• _Exercise description_: Write out again the lines from the line with "Here we look" up to and including the line with "obrigado por me", exactly as they stand below, and skip any picture.
═════ Available records
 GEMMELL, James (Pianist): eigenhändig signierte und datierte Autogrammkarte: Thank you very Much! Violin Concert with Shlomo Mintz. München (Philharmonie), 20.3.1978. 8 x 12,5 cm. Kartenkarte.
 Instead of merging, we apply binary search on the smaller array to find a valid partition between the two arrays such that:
══════════
═════ Available records
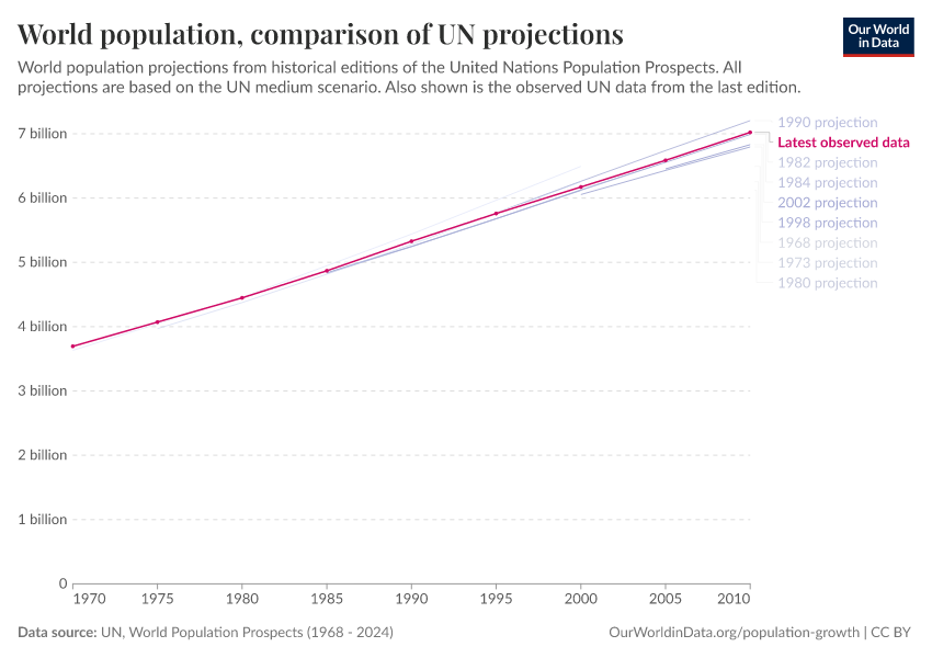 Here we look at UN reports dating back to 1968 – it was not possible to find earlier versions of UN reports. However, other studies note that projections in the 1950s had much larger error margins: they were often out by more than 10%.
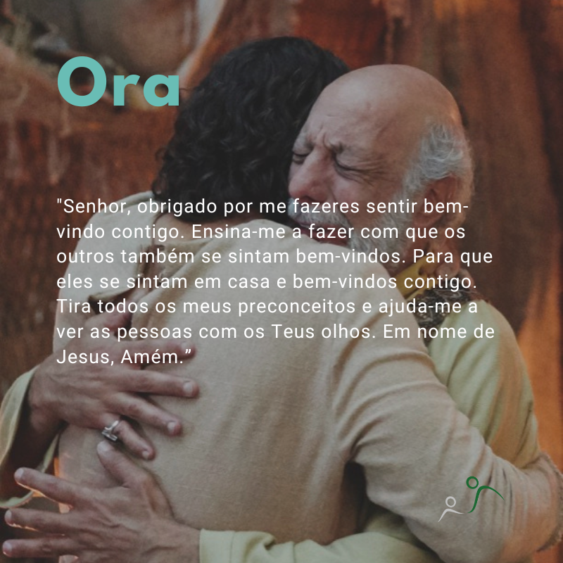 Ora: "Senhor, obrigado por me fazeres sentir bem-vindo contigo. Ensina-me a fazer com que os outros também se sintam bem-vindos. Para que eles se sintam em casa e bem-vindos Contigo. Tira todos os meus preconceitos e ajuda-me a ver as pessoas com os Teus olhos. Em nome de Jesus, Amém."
══════════
• _Output of the task_:
 Here we look at UN reports dating back to 1968 – it was not possible to find earlier versions of UN reports. However, other studies note that projections in the 1950s had much larger error margins: they were often out by more than 10%.
 Ora: "Senhor, obrigado por me fazeres sentir bem-vindo contigo. Ensina-me a fazer com que os outros também se sintam bem-vindos. Para que eles se sintam em casa e bem-vindos Contigo. Tira todos os meus preconceitos e ajuda-me a ver as pessoas com os Teus olhos. Em nome de Jesus, Amém."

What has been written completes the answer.